For about a year I have been taking the antidepressant mirtazapine (15mg) to help me get to sleep. Initially it worked wonders but over the course of a few months it was no longer working. My gp agreed with me to increase it for a month to help me get some sleep. I started taking the increased dose on Wednesday night, it worked beautifully I was falling asleep and staying asleep. However the start of me feeling really rough coincided with increasing the medication. After a quick search on Google it was obvious that the mirtazapine was what was causing the problems. Side effects listed included
- Low blood pressure
- Changes in mood
And they were just a few of the side effects as there were many listed. So I dropped the dose back down to my normal 15mg on Sunday night to see what would happen. If I still had vertigo etc on Monday then I would contact my gp and see about stopping the mirtazapine altogether.
Monday morning however I woke up with my eyes very swollen
In these photos the swelling has come down considerably. My under eye area had been very itchy since Thursday which I had put down to dry eyes which is something I suffer from anyway. Monday morning I really had to stop myself from scratching as I would have scratched until I bled. I dosed myself up with antihistamines and then waited to see if the vertigo started again. The vertigo had been coming on 3-4 hours after waking up, so I bided my time before pronouncing a vertigo free zone. Thankfully the vertigo hasn’t come back since dropping the dose back to 15mg, my blood pressure is back to its low but normal state.

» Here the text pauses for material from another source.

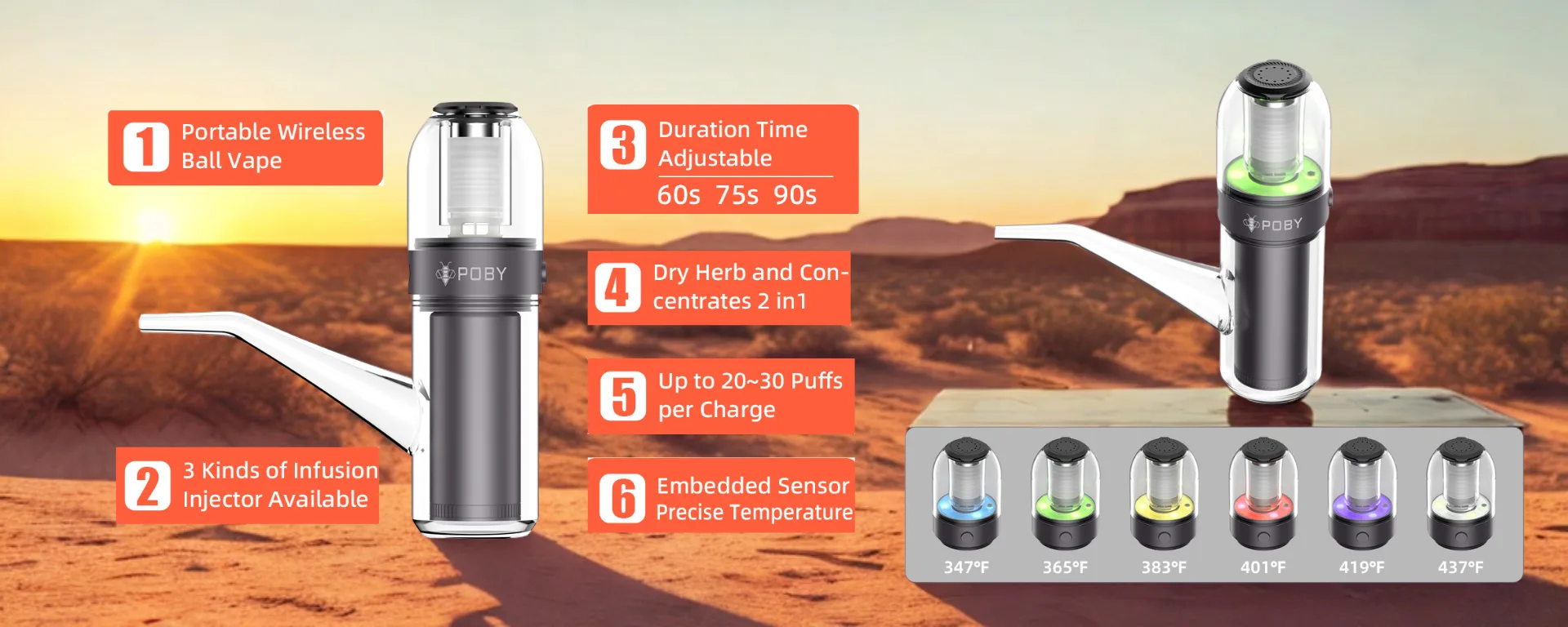 Poby Ember is a compact ball vape designed for on-the-go sessions. It uses 2mm terp pearls for efficient heat distribution and smooth, flavorful hits. With precise temperature control, portable design, and consistent performance.

My gp rang me by chance on Monday and I managed to miss the call. He let a voicemail saying he had received an email from my PoTs consultant about starting melatonin and had written me a prescription for it. I rang the surgery back to pass on the message I had dropped the mizatrapine back down to 15mg due to the side effects I was suffering.

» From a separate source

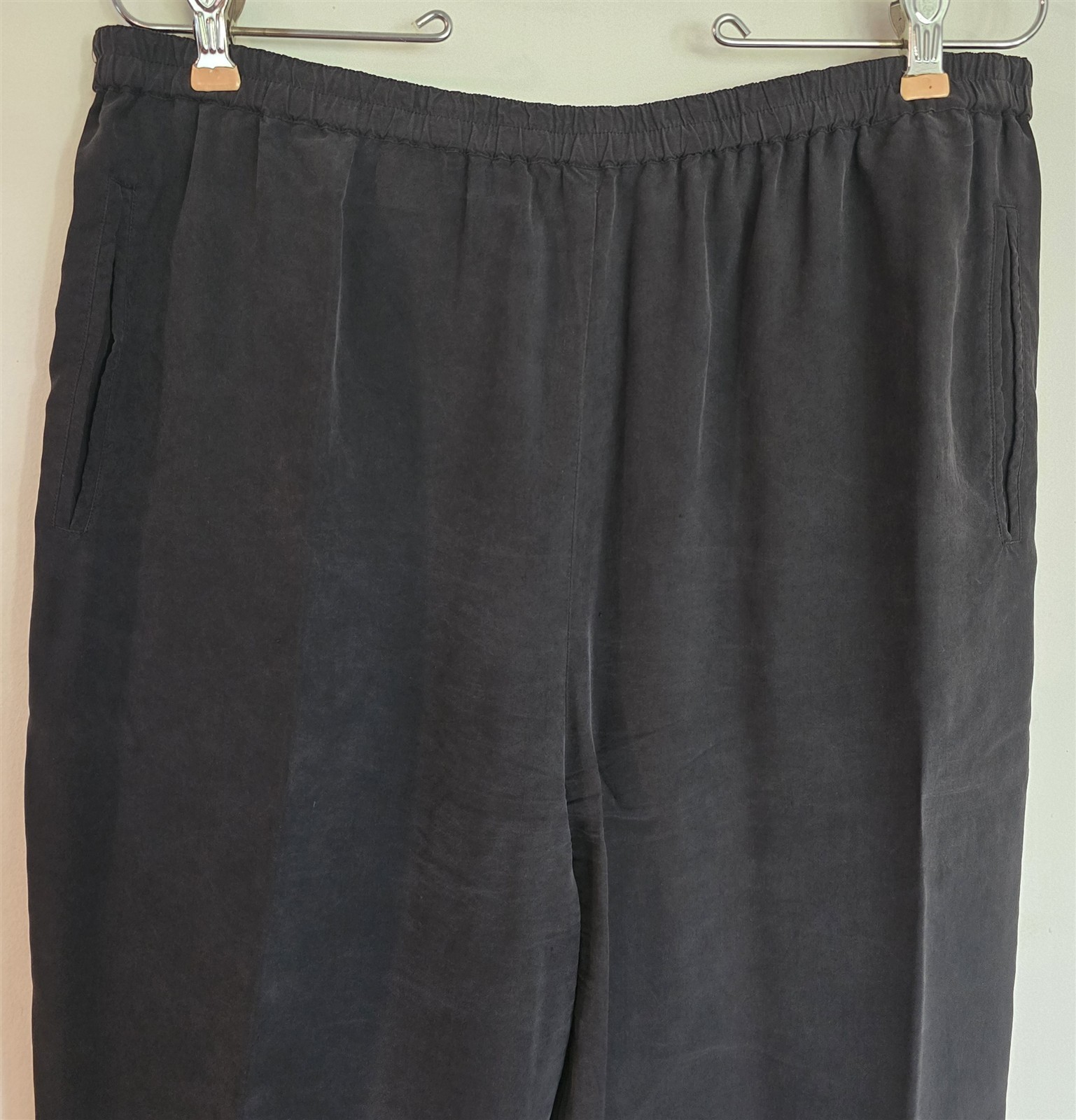 Womens L/XL Real Clothes Saks Fifth Avenue Black 3-Pc Silk Outfit Pants Shirt +

Tuesday morning there was no swollen eyelids which was fab and I had slept well due to the Melatonin I had taken the night before. I have been sleeping all night and feel more rested than I have done in a very long time. I still have fatigue but it’s no longer at the level it was when I wasn’t sleeping. I don’t know now if the mizatrapine caused the swollen eyes or if it’s something I have eaten. It could be anything at all as I can react to stuff and then the next time I have it there is no reaction.
So now I am back to my normal level of crappy health after four days of feeling truly awful and almost being confined completely to my bed due to the vertigo. At least however (touch wood) so far there seems to be no issues with the melatonin.